De pronto se me ocurrió una idea tan banal como insidiosa. Intenté apartarla de mi cabeza, puesto que ya había abandonado mis desastrosos intentos de convertirme en detective aficionada, pero no lo conseguí: ¿por qué Greg no había apuntado su reunión con la señora Sutton, la anciana a la que había conocido el día del funeral? Estaba segura de que ella me había dicho que tenía una cita concertada con él para el día después de su muerte, pero no la había visto en su agenda.
Me dije que aquello no tenía importancia, que no significaba nada. Me preparé un té y me lo bebí lentamente, sorbo a sorbo, y después llamé a su oficina.
– ¿Puedo hablar con Joe?
– Me temo que el señor Foreman no está.
– ¿Y Tania?
– Se la paso.
Al cabo de unos segundos escuché su voz.
– ¿Tania? Soy yo, Ellie.
– Ah, Ellie. ¿Cómo estás?
– Bien. Oye, ¿me puedes hacer un favor?
– Claro.
– Necesito el teléfono de una de las dientas de Greg.
– Oh -dijo en tono de duda.
– La conocí en el funeral. Creo que era una tal señora Sutton, no sé cuál era su nombre de pila. Me habló de Greg con mucho cariño y quería preguntarle una cosa.

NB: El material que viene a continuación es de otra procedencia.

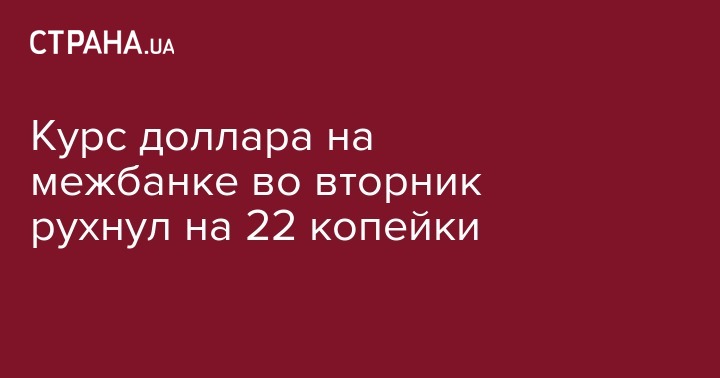 Курс доллара на межбанке во вторник рухнул на 22 копейки

– Vale. -Se produjo un silencio y luego volvió a oírse su voz-: Su nombre es Marjorie Sutton y vive en Hertfordshire. ¿Tienes algo para apuntar?
– ¿Dígame?
La voz era seca y clara.
– ¿Puedo hablar con Marjorie Sutton?
– Soy yo. ¿Quién es usted?
– Soy Ellie Falkner, la viuda de Greg Manning.

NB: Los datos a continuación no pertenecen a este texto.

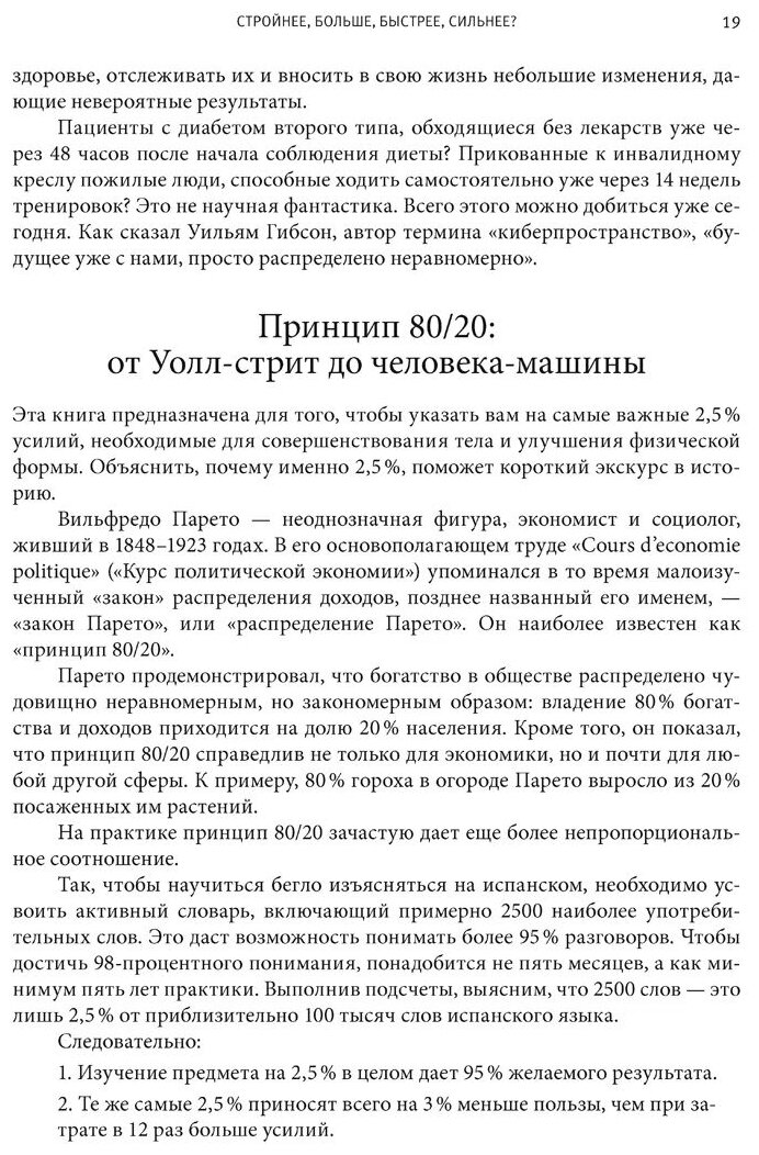 Это не просто очередная книга о диетах и фитнесе. Это книга о том, как преобразить себя и свое тело — быстро и легко, с минимальными затратами сил и времени, следуя простым методикам, которые автор испытывал на себе на протяжении более десяти лет. Вы узнаете о том, как: - сбросить более 45 кг, тратя всего 20 минут дважды в неделю; - спать по 2 часа в день и чувствовать себя хорошо отдохнувшим; - переедая, сбросить больше жира, чем теряет на дистанции бегун-марафонец; - набрать более 15 кг нежировой мышечной массы без стероидов, проведя в тренажерном зале в общей сложности 4 часа; - сбросить 10 кг веса за 30 дней без специальных тренировок; - пробежать 50 км после всего лишь 12 недель тренировок; - и многое, многое другое. Эти методики были получены в результате тысяч экспериментов, в которых лично участвовал автор книги. Тим Феррис проверял все эти методики на себе — в спортивном зале и в спальне, на стадионах и в ресторанах, в центрах подготовки спортсменов-олимпийцев и научных лабораториях, работая с всемирно известными диетологами, врачами, тренерами, спортсменами, физиологами, химиками и сексологами; среди его учителей были наставники олимпийских чемпионов, специалисты из индустрии развлечений для взрослых и даже бывший инструктор советского спецназа. В книге содержится коллективная мудрость сотен выдающихся спортсменов и десятков докторов наук, а также десятки историй успеха обычных людей, мужчин и женщин в возрасте от 18 до 70 лет, добившихся потрясающих результатов с использованием предлагаемых автором методик.

– Ah, sí. ¿En qué puedo ayudarla?
– Sé que esto puede parecer un poco extraño, pero estoy intentando atar cabos sueltos y quería preguntarle una cosa.
– Diga.
– Usted me dijo que lo vería el día después de su muerte.
– Así es.
– ¿Está segura? Porque en su agenda no aparece ninguna reunión.
– La concertó el día antes. Debió de ser justo antes del accidente. Insistió mucho en venir a verme.
– ¿Sabe cuál era el motivo?
– No, me temo que no. ¿Hay algún problema?
– No -respondí-. Muchas gracias.
Colgué y volví a sentarme en la butaca delante de la chimenea vacía.